Exercise brief >>
Every line below must be reproduced exactly; no pictures are to be included.

Data for analysis >>
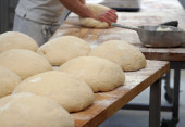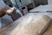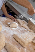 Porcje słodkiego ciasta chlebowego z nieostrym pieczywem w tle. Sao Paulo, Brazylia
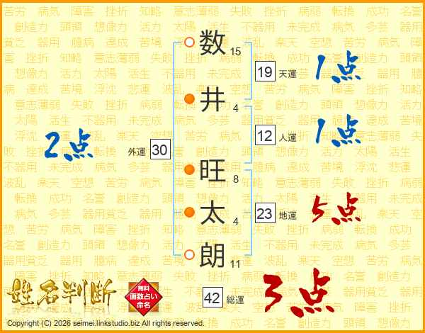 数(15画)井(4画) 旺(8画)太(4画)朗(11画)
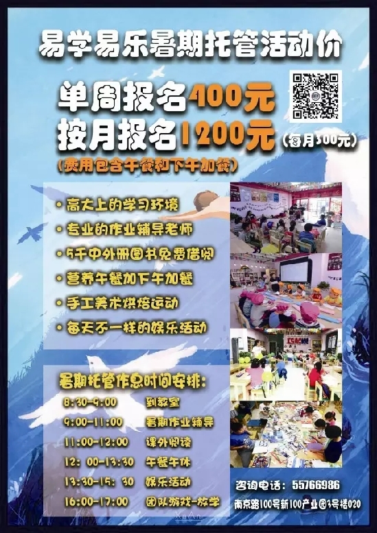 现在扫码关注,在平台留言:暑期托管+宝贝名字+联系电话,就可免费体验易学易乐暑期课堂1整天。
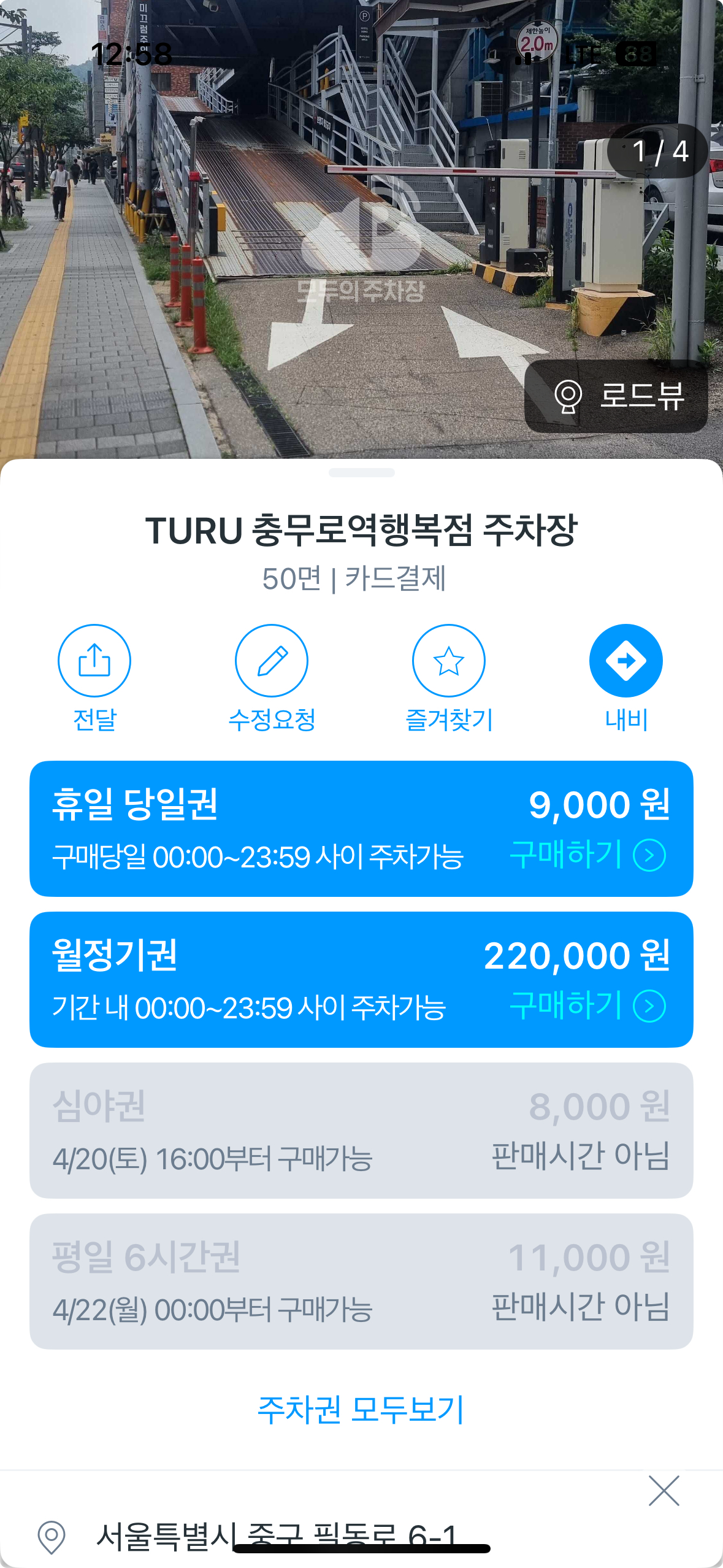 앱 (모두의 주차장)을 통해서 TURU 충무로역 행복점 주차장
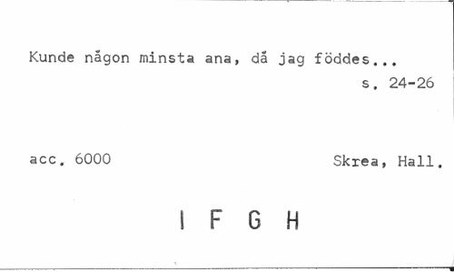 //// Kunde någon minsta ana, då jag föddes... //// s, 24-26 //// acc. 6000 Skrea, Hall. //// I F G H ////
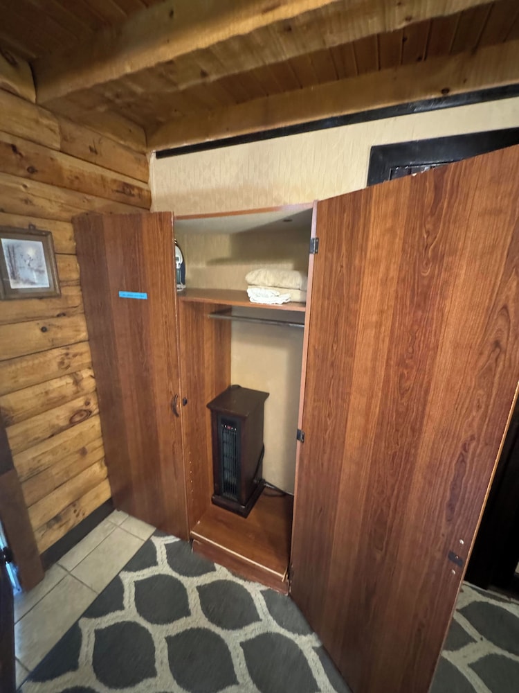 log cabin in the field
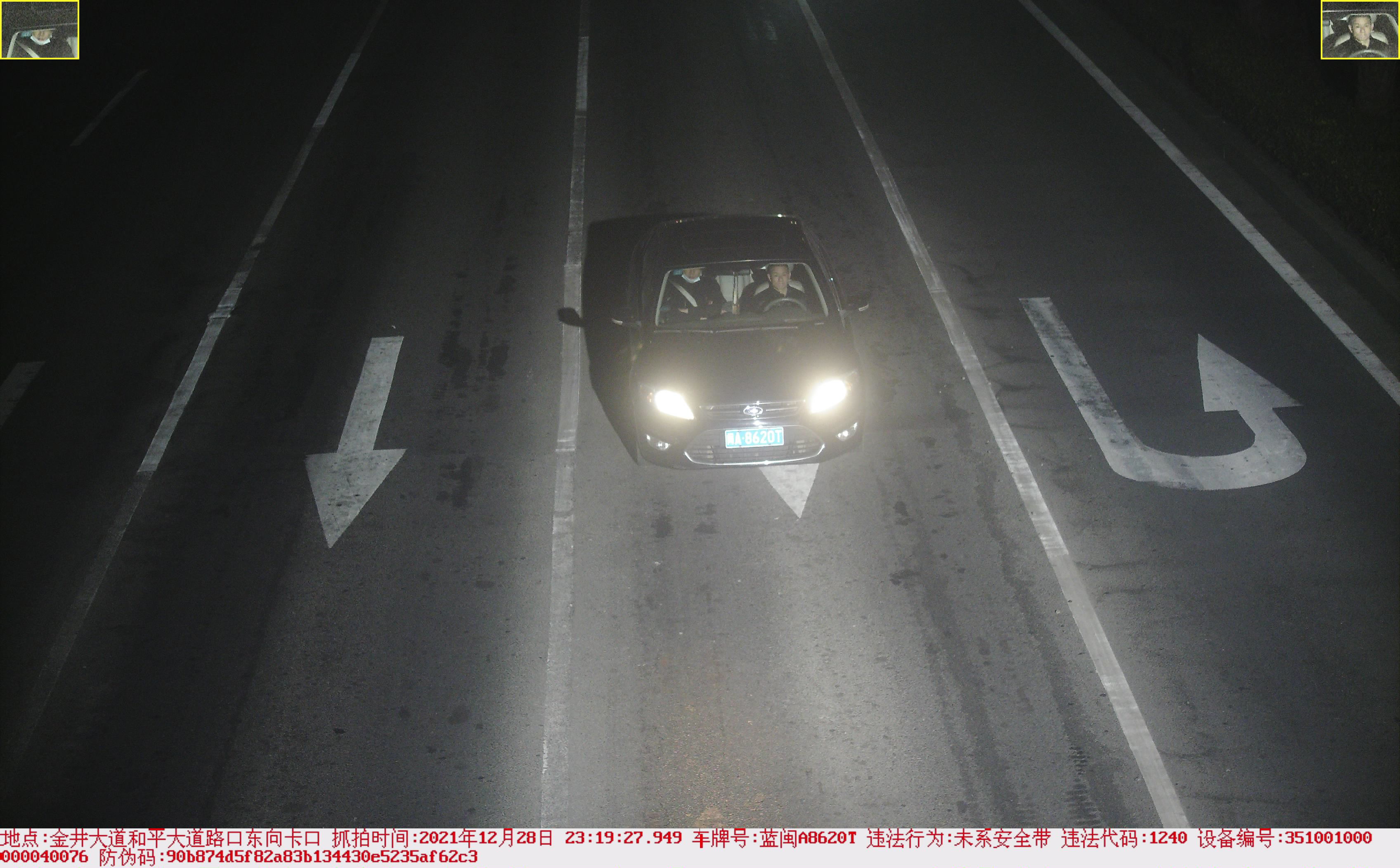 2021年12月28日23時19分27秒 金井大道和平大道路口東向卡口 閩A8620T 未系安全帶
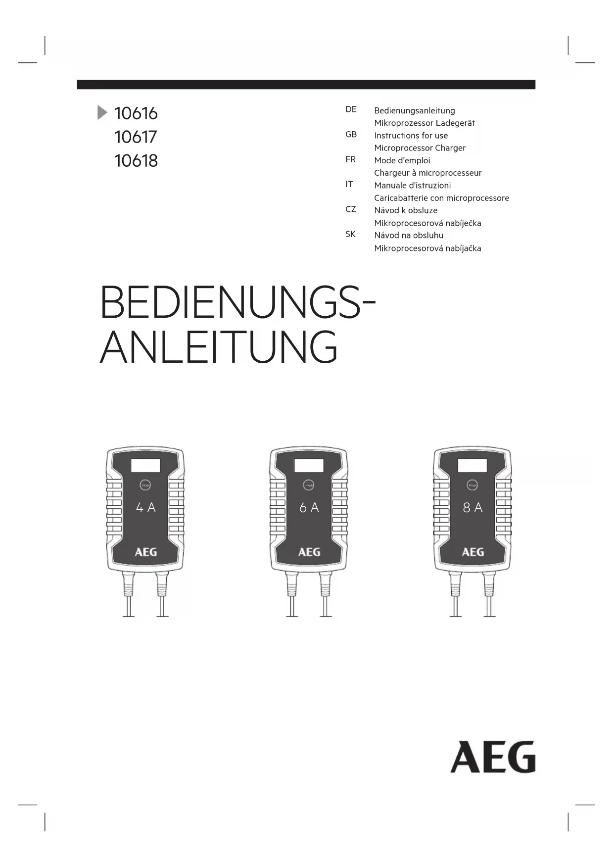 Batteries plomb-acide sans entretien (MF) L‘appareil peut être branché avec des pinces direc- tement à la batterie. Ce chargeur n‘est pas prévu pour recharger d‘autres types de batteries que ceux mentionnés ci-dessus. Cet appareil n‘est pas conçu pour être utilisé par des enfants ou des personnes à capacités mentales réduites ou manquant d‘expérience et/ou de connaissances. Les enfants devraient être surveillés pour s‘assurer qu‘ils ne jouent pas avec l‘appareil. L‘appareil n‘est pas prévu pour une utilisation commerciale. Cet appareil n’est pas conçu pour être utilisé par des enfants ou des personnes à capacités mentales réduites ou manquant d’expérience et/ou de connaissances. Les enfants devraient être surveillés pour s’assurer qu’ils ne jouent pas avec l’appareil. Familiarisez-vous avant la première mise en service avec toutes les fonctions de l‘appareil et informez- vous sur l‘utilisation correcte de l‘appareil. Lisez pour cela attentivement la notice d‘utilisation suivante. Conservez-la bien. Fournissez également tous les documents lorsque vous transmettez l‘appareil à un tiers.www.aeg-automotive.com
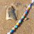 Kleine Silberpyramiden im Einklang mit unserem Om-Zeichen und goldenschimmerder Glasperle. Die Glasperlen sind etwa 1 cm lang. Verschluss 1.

Answer for this exercise >>
 Porcje słodkiego ciasta chlebowego z nieostrym pieczywem w tle. Sao Paulo, Brazylia
 数(15画)井(4画) 旺(8画)太(4画)朗(11画)
 现在扫码关注,在平台留言:暑期托管+宝贝名字+联系电话,就可免费体验易学易乐暑期课堂1整天。
 앱 (모두의 주차장)을 통해서 TURU 충무로역 행복점 주차장
 //// Kunde någon minsta ana, då jag föddes... //// s, 24-26 //// acc. 6000 Skrea, Hall. //// I F G H ////
 log cabin in the field
 2021年12月28日23時19分27秒 金井大道和平大道路口東向卡口 閩A8620T 未系安全帶
 Batteries plomb-acide sans entretien (MF) L‘appareil peut être branché avec des pinces direc- tement à la batterie. Ce chargeur n‘est pas prévu pour recharger d‘autres types de batteries que ceux mentionnés ci-dessus. Cet appareil n‘est pas conçu pour être utilisé par des enfants ou des personnes à capacités mentales réduites ou manquant d‘expérience et/ou de connaissances. Les enfants devraient être surveillés pour s‘assurer qu‘ils ne jouent pas avec l‘appareil. L‘appareil n‘est pas prévu pour une utilisation commerciale. Cet appareil n’est pas conçu pour être utilisé par des enfants ou des personnes à capacités mentales réduites ou manquant d’expérience et/ou de connaissances. Les enfants devraient être surveillés pour s’assurer qu’ils ne jouent pas avec l’appareil. Familiarisez-vous avant la première mise en service avec toutes les fonctions de l‘appareil et informez- vous sur l‘utilisation correcte de l‘appareil. Lisez pour cela attentivement la notice d‘utilisation suivante. Conservez-la bien. Fournissez également tous les documents lorsque vous transmettez l‘appareil à un tiers.www.aeg-automotive.com
 Kleine Silberpyramiden im Einklang mit unserem Om-Zeichen und goldenschimmerder Glasperle. Die Glasperlen sind etwa 1 cm lang. Verschluss 1.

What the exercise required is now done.